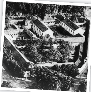
Hoa Lo POW prison in Hanoi.

Red Cost: 2 RPs. Move 1 Allied unit from the Dead Pool to the Body Count Box.
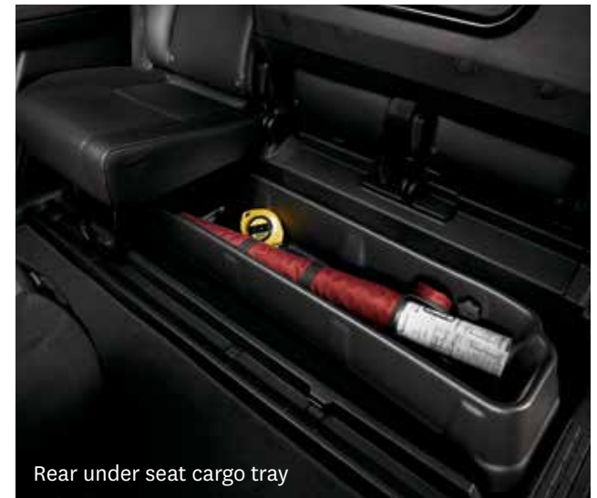
Rear under seat cargo tray
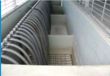
AWPF Microfiltration Cell Backwashing
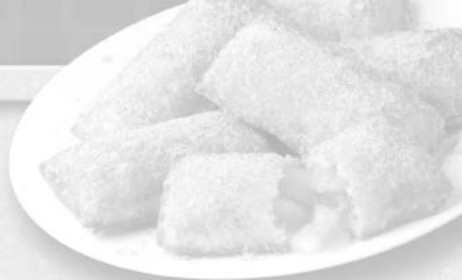
WingStreet® Hot Cinnamon Apple Pies

Call us for Carryout, or Join us for Dine-In!
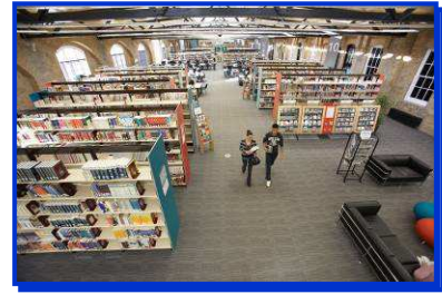
Drill Hall Library – at 184meters is the longest in Europe.
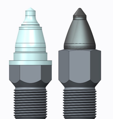
Standard Carbide Tool and Threaded Insert

Keystone Engineering's D-540 PCD tool can easily be adapted to any quick-change grinding system. Interchangeable insert allows operators to easily change from carbide tools to diamond tools.
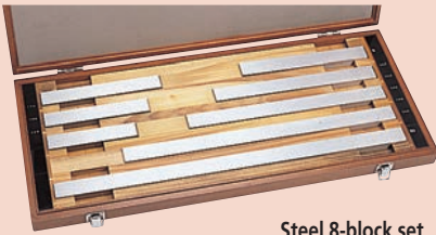
Steel 8-block set
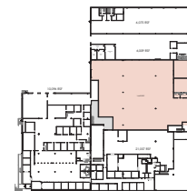
KEY PLAN - NTS
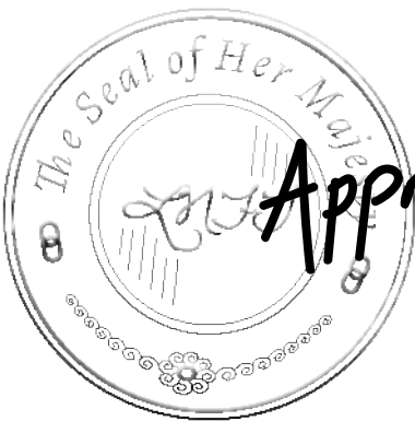
The Great Empire
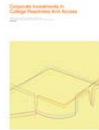
Corporate Investments in College Readiness & Access June 2008
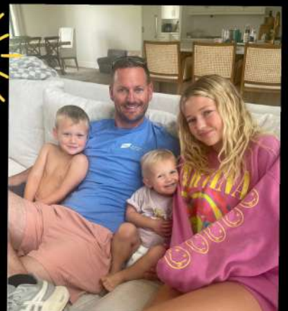
CELEBRATING FATHERS DAY!
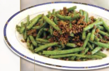
干扁四季豆 Dry Shrimp & Ground Pork w/ Spicy Green Bean
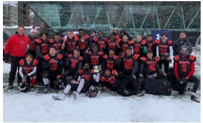
The Junior Football City Champions!
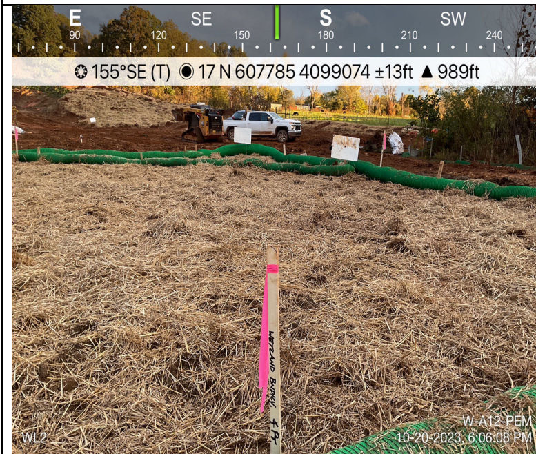
Photo Description: View of permitted resource impact area during post-construction assessment.
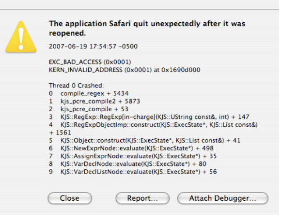
Figure 3: Developer information incorporated into CrashReporter

CrashReporter can be configured using CrashReporterPrefs application to allow the option to attach to the process with GDB after it crashes, see Figure 3. Also, note that this will run the commands from your .gdbinit file, too.
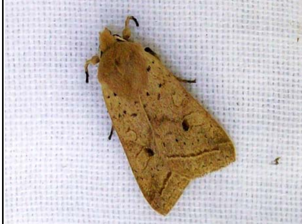
2264 Yellow-line Quaker ( Agrochola macilenta )
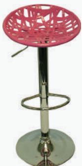
Pink Republic Stool Stock Code: 785PK h 660-870 | w 415 | d 410
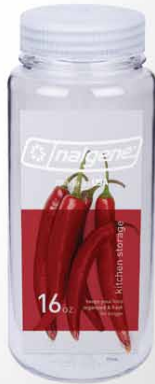
16 Oz. 682011-0081
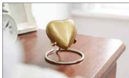
Memories - Heart Shaped Keepsake
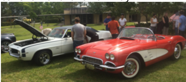
ANCIENT CITY AUTO CLUB TOURS ST. JOHNS TECHNICAL CENTER MAY 17, 2016

We had 15 cars and 25 members at the first coast technical college for the car show and lunch on May 17.
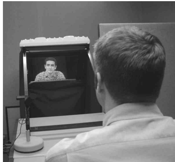
Figure 1: Video tunnel setup showing the video condition

The sound was recorded using an AKG C747 microphone placed on the desk. As the audio stream drove the avatar's lip and eye movements, we needed to isolate each microphone from incoming sound from the other room. We therefore equipped participants with Sennheiser HD265 headphones. In the inferred-gaze condition a copy of the audio stream was sent to the computer, along with head position information from the Polhemus Isotrak II tracking system.
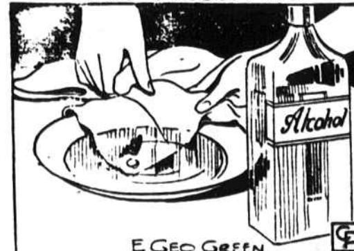
Alcohol, grain or wool, will help remove marks on clothing made by indelible pencil. Soak the stains in the alcohol for a few minutes or until they are dissolved, then wash with soap and water. The alcohol is effective also after these stains have been washed and ironed, if some still remain.
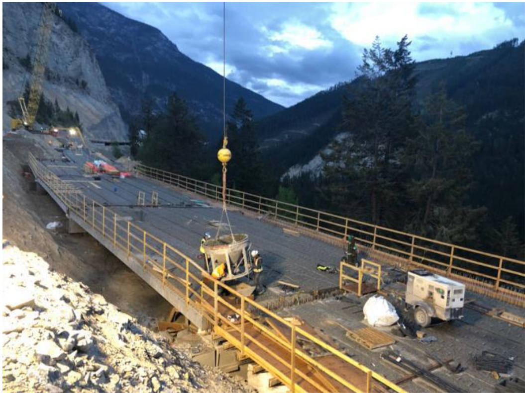
Figure 4: Lynx Viaduct– Pouring concrete keyway's at Span 2 – May 27, 2022
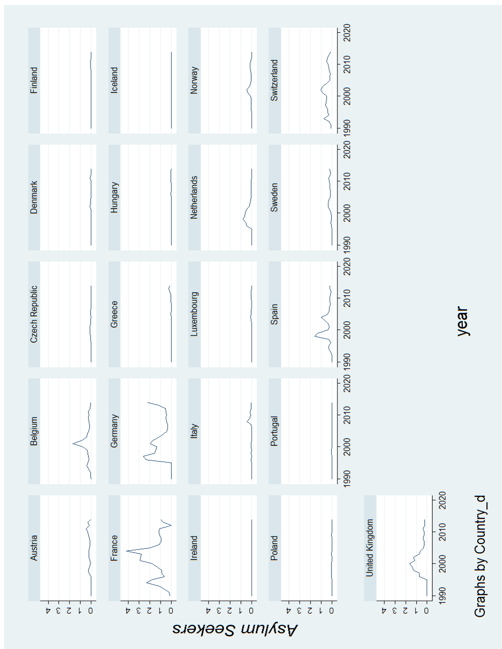
Figure B.3: Annual African Asylum Seekers in Europe from 1990-2014. Source: Authors' calculations based on data described in text.
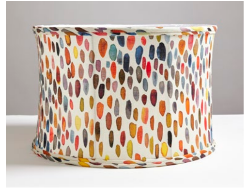
JAMBOREE - BLUE / MULTI LTJ 003S LO5096A
━━━
WHAT YOU ARE ASKED TO DO
Could the entries above be written out word for word, pictures excluded?

SOLVED PROBLEM
Hoa Lo POW prison in Hanoi.

Red Cost: 2 RPs. Move 1 Allied unit from the Dead Pool to the Body Count Box.
Rear under seat cargo tray
AWPF Microfiltration Cell Backwashing
WingStreet® Hot Cinnamon Apple Pies

Call us for Carryout, or Join us for Dine-In!
Drill Hall Library – at 184meters is the longest in Europe.
Standard Carbide Tool and Threaded Insert

Keystone Engineering's D-540 PCD tool can easily be adapted to any quick-change grinding system. Interchangeable insert allows operators to easily change from carbide tools to diamond tools.
Steel 8-block set
KEY PLAN - NTS
The Great Empire
Corporate Investments in College Readiness & Access June 2008
CELEBRATING FATHERS DAY!
干扁四季豆 Dry Shrimp & Ground Pork w/ Spicy Green Bean
The Junior Football City Champions!
Photo Description: View of permitted resource impact area during post-construction assessment.
Figure 3: Developer information incorporated into CrashReporter

CrashReporter can be configured using CrashReporterPrefs application to allow the option to attach to the process with GDB after it crashes, see Figure 3. Also, note that this will run the commands from your .gdbinit file, too.
2264 Yellow-line Quaker ( Agrochola macilenta )
Pink Republic Stool Stock Code: 785PK h 660-870 | w 415 | d 410
16 Oz. 682011-0081
Memories - Heart Shaped Keepsake
ANCIENT CITY AUTO CLUB TOURS ST. JOHNS TECHNICAL CENTER MAY 17, 2016

We had 15 cars and 25 members at the first coast technical college for the car show and lunch on May 17.
Figure 1: Video tunnel setup showing the video condition

The sound was recorded using an AKG C747 microphone placed on the desk. As the audio stream drove the avatar's lip and eye movements, we needed to isolate each microphone from incoming sound from the other room. We therefore equipped participants with Sennheiser HD265 headphones. In the inferred-gaze condition a copy of the audio stream was sent to the computer, along with head position information from the Polhemus Isotrak II tracking system.
Alcohol, grain or wool, will help remove marks on clothing made by indelible pencil. Soak the stains in the alcohol for a few minutes or until they are dissolved, then wash with soap and water. The alcohol is effective also after these stains have been washed and ironed, if some still remain.
Figure 4: Lynx Viaduct– Pouring concrete keyway's at Span 2 – May 27, 2022
Figure B.3: Annual African Asylum Seekers in Europe from 1990-2014. Source: Authors' calculations based on data described in text.
JAMBOREE - BLUE / MULTI LTJ 003S LO5096A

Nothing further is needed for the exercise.